So our evening on the beautiful Riverwalk in San Antonio served one purpose — to remind me how much I love my wife! It also reminded me how wonderful she is to me, especially as I struggle with this affliction of a busted spinal cord.
We arrived in the Alamo City, toured around a bit, and experienced the joy of San Antonio traffic all in the span of an hour. As we exited I-37 heading for the Alamo (trying to make it before this shrine to Texas liberty closed for the evening) we immediately noticed that something was off. The ramp was backed up for a half-mile. So we went to the next exit. Same deal. Mrs. Harvey dropped us off in front of the Alamo and vowed to drive around the block. Let’s just say that 45 minutes later she had made it a few hundred yards. Turns out that the Texas Music Educator’s Convention was in town. Band kids were everywhere. I imagined there would be lots of nerdy relations taking place that evening.
Oh well, we saw the Alamo (I’d seen it many times but Matt had not and he’s a big history buff). We checked into our hotel and head out to dinner. The Riverwalk is an amazing place and truly one of my favorite places on earth. But for some reason, this time I just wasn’t feeling it. It was packed. My leg had been bothering me very much. Anticipating an evening drink or two, I had stopped taking my pain meds earlier in the day. And herein lies the problem (I think). You see, I have read that this particular painkiller has some powerful withdrawal symptoms. I had not experienced any of these before. Then again, I haven’t really taken this one in many years. After a grueling walk up and down flights of stairs and navigating through throngs of tourists and waiting at a bar for an hour for our table (all on my feet with the use of my cane) I finally sat down only to feel the onset of a horrible headache.
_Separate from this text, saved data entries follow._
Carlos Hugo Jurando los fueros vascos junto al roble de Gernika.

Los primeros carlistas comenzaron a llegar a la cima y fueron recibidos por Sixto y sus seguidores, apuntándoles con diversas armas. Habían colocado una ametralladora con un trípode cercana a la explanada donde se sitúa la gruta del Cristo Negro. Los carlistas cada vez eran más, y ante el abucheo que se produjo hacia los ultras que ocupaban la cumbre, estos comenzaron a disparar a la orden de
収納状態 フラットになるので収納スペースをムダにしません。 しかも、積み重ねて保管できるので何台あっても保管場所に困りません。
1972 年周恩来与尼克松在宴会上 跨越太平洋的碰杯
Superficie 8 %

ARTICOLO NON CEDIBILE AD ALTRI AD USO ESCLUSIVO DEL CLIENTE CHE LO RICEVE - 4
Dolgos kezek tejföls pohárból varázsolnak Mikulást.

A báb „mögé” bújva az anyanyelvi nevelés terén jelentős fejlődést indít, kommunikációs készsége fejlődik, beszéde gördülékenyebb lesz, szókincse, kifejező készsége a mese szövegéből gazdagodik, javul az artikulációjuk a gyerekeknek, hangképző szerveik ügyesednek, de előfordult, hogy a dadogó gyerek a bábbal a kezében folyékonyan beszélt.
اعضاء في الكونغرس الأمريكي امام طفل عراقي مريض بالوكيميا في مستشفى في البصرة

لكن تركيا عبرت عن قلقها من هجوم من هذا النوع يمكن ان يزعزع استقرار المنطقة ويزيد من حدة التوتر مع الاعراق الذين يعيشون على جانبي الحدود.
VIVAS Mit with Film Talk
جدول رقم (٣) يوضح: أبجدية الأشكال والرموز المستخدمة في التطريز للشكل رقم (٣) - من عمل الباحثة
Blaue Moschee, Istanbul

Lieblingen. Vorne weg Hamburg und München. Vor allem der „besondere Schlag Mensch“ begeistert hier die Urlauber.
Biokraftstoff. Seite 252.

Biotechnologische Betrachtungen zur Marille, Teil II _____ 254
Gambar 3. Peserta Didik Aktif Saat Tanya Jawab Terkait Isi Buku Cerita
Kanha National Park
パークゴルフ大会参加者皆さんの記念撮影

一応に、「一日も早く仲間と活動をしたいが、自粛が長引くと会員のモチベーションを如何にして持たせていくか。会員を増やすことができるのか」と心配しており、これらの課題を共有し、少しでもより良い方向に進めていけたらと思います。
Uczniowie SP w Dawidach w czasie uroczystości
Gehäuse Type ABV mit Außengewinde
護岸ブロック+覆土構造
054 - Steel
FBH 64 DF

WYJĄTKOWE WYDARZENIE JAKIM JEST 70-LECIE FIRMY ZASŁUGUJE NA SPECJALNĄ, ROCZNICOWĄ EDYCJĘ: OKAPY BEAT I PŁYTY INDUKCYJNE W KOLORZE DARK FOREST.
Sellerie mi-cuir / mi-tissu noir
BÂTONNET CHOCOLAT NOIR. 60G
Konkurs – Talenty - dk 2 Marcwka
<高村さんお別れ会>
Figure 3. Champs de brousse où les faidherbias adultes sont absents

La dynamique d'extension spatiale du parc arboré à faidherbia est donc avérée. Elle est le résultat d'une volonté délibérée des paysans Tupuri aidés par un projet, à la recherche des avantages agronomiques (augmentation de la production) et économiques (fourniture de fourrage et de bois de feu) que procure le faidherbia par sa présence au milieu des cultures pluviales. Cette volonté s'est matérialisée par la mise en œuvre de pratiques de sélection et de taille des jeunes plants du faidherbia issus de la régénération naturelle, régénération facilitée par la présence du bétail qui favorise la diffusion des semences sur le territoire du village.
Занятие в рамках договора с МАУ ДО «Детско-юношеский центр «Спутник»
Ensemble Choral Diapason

When my food finally arrived I knew something was wrong. I took one bite, lifted the fork to my lips, and promptly set it back down on the plate. I just wasn’t feeling it. By the time everyone else had finished their meals, my wife, looking on me with pity, inquired if I was feeling OK. She reached over to feel my forehead. “Let me get you back to the hotel,” she said. I felt awful at ruining everyone’s night but I knew she was right. We got up and started back on our way. The night air had started to chill…
By the time we made the three block trek, I was in full blown “ready to hurl” mode. I made it to the room before all hell broke loose. I don’t remember much else other than crawling into the most uncomfortable bed and sleeping the next ten hours. I think my wife headed back out for another drink with our friends as well she should have. There was nothing that could be done for me. But in my mind she kept vigil by my side all night long, taking my temperature and dosing me with painkillers and anti-nausea drugs while singing sweet lullabies to calm my jittered body. Either way, I know that she loves me and I cannot imagine being sick with anybody else.